Part XXIV: Heeding God's Roles For Men And Women In The Church

(1 Corinthians 11:2-16)


I.                 Introduction

A.    Paul had to address Christian liberty on the issue of the role of women in Church worship, for the Corinthians had become so self-indulgent that some women were not acting in an edifying way in the worship services.

B.     Paul corrected this matter, revealing important guidelines on the role of women for our insight (as follows):

II.              Heeding God's Roles For Men And Women In The Church, 1 Corinthians 11:2-16.

A.    Paul began his discussion on the sensitive topic of the roles of women and men in the Church by complimenting his readers on their loyalty to heeding his former teachings, 1 Corinthians 11:2.

B.     However, moving from this compliment to an area of need in the body at Corinth, Paul established the divine administrative order for the role and the state of women and men in the Church in 1 Corinthians 11:3:

1.      First, God the Father is the head of Christ, 1 Corinthians 11:3c.

2.      Second, Christ is the head of every man, 1 Corinthians 11:3a.

3.      Third, the man is the head of the woman, 1 Corinthians 11:3b.

C.     Accordingly, Paul claimed that every man who prayed or prophesied in the Church meeting having his head covered like a woman customarily did dishonored his head while every woman praying or prophesying with her head uncovered did so shamefully as if she were clean shaven in her head, 1 Corinthians 11:4-5.

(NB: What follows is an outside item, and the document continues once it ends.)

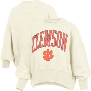 Women's Pressbox Natural Clemson Tigers Oversized Waist-Length Crewneck Sweatshirt

D.    Some teach that this directive meant there is an intrinsic identification of a woman with a head covering, not just a cultural one, that women today should cover their heads in Church.  However, we differ with this belief:

1.      Genesis 2:21-25 reveals that when God created and brought the woman to the man, they were both naked, so the woman did not have her head covered as she was not intrinsically indecent, meaning head coverings contained the cultural meaning in Paul's era that a woman was correctly submissive to the man! 

2.      Some may claim that as man fell into sin, the head covering became intrinsically required for the woman as a sign of her submission, but God had already put the woman in submission to the man back at creation:

                             a.         God brought Eve to Adam so he could name her, indicating his sovereignty over her, Gen. 2:22, 19. 

                            b.         Also, Paul in 1 Timothy 2:12-13 appealed to creation as the basis for women being subject to men today.

E.     As such, Paul emphasized in 1 Corinthians 11:6-7 and 11:13-15 the importance of women observing this cultural norm of his day in order to signify their submissive role to men in Church worship services.

F.      Paul added that the woman came from the man, not the other way around, for Eve was made from Adam's rib, and the woman, Eve, was created for the man, Adam, indicating the need for women to heed their role of ministering in submission to and for their husbands, 1 Corinthians 11:8-9; Ephesians 5:22.

G.    Paul's statement that the woman ought to have "authority" figuratively "over" (epi, U. B. S. Grk. N. T., 1966, p. 603; Arndt & Gingrich, A Grk.-Eng. Lex. of the N. T., 1967, p. 285-289) her head because of the angels in 1 Corinthians 11:10 NIV, ESV is hard to understand, but it most likely means that God's holy angels observe believers in worship and would be offended if a woman did not function in submission to men in the Church worship services, Bible Know. Com., N. T., p. 529; Ryrie Study Bible, KJV, 1978, ftn. to 1 Corinthians 11:10.

H.    To balance his call for women to submit to men, Paul extolled the lofty value of both women and men, for both genders come into existence in part by way the respective opposite gender, 1 Corinthians 11:11-12.

I.        Paul's statements in 1 Corinthians 11:13-15 on the indecency of women praying to God with their head uncovered and men having long hair reflect the era's cultural rules, meaning the believer must watch that he presents himself in his cultural context in an honorable way.  Long hair for men has become increasingly tolerated today, but Paul implies the natural argument against it: the development of male pattern baldness as men age argues for the need for them to wear their hair short lest they look dishonorable in any culture!

J.       Paul closed this section by stating that in no other Church were women customarily praying or prophesying with their heads uncovered, so the Corinthians were to align with this Christian norm, 1 Corinthians 11:16.


Lesson: God directs that we believers in our Church worship must function aligned with God the Father as our Ultimate Head, Christ as our Head under the Father, men as our heads under the Father and Christ and women under the headship of the man, Christ and God the Father.  This order is to be reflected in our cultural practices.


Application: May we align with the order God assigns us as to our role as men and women in our Church services, for this affects not only our testimony before the world and other believers, but before God and the holy angels.